Required action
Would you repeat exactly the part of the listing below that runs from the line containing "Várkonyi Nándor: Szíriát" down to the line containing "Denne ejendom ligger", inclusive, and nothing else?

Data supplied

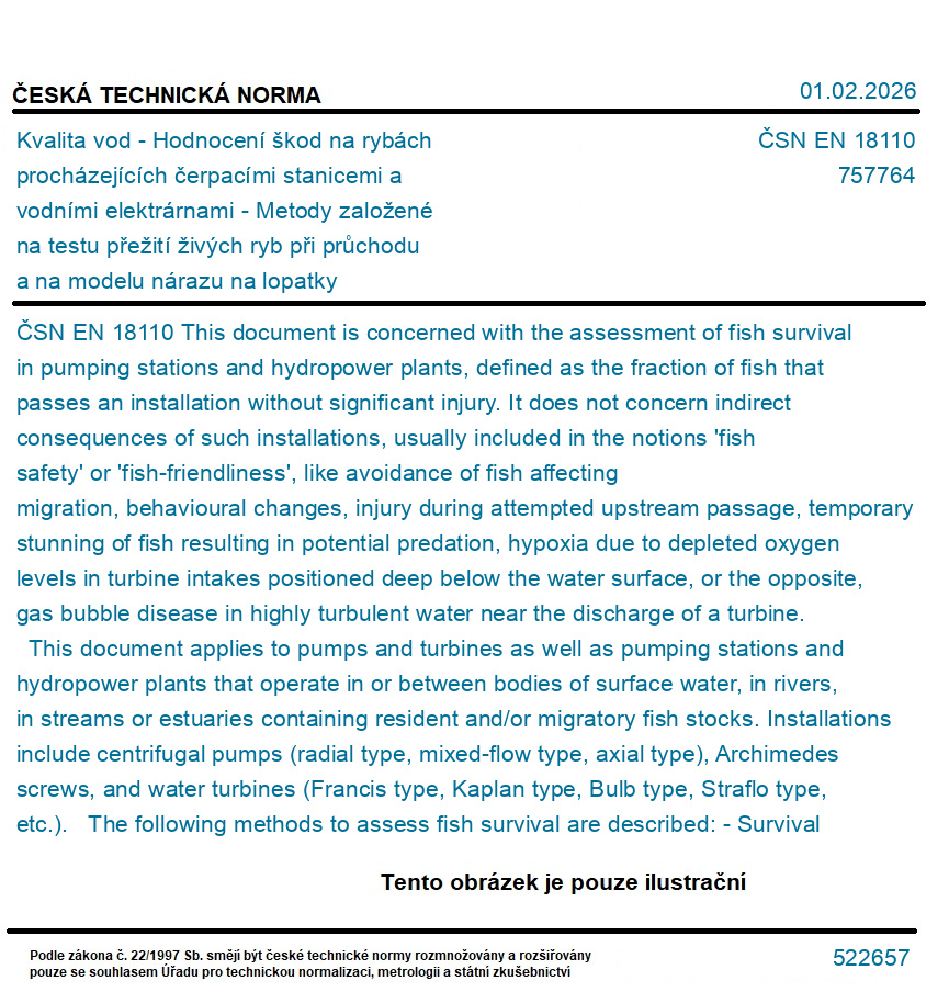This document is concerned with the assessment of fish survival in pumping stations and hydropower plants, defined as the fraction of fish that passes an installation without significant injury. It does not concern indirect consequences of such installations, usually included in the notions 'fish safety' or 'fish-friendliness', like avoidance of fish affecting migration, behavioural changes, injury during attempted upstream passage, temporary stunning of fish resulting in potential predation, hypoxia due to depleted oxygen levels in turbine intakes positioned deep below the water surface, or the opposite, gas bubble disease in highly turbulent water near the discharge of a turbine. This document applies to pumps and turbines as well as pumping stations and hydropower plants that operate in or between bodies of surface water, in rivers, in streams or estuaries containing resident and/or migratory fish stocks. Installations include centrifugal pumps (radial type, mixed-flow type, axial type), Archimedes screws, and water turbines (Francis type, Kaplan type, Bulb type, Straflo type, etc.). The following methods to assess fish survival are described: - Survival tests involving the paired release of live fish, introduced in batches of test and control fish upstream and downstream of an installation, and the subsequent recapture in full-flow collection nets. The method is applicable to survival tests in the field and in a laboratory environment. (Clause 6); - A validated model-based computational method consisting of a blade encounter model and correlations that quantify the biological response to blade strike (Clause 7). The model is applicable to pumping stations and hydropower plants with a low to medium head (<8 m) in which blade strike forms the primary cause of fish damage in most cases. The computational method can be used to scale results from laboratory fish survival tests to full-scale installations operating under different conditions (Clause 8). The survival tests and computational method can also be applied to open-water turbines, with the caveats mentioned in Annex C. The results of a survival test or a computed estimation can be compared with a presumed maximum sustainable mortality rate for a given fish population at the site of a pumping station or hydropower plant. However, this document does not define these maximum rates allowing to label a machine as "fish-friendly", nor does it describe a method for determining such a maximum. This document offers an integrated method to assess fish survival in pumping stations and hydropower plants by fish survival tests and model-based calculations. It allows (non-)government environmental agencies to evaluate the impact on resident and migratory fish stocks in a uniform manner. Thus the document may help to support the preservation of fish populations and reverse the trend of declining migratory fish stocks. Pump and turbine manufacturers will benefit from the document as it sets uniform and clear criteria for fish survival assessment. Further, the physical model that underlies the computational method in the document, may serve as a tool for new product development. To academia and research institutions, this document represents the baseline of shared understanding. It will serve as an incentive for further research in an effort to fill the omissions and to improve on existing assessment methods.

...

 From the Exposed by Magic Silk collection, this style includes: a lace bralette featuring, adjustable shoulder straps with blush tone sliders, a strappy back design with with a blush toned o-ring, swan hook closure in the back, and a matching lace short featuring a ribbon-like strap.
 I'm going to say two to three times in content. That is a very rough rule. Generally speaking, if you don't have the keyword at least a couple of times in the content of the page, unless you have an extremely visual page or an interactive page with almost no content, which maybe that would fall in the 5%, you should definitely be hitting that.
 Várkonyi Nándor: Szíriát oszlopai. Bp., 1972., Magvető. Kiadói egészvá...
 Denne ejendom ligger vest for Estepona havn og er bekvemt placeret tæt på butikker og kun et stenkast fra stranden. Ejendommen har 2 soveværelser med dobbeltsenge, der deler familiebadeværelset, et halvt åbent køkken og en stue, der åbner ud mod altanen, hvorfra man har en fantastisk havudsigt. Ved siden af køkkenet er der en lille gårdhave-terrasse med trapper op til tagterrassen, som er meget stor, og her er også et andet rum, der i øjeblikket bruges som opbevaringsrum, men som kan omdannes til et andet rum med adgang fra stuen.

Exercise result
 Várkonyi Nándor: Szíriát oszlopai. Bp., 1972., Magvető. Kiadói egészvá...
 Denne ejendom ligger vest for Estepona havn og er bekvemt placeret tæt på butikker og kun et stenkast fra stranden. Ejendommen har 2 soveværelser med dobbeltsenge, der deler familiebadeværelset, et halvt åbent køkken og en stue, der åbner ud mod altanen, hvorfra man har en fantastisk havudsigt. Ved siden af køkkenet er der en lille gårdhave-terrasse med trapper op til tagterrassen, som er meget stor, og her er også et andet rum, der i øjeblikket bruges som opbevaringsrum, men som kan omdannes til et andet rum med adgang fra stuen.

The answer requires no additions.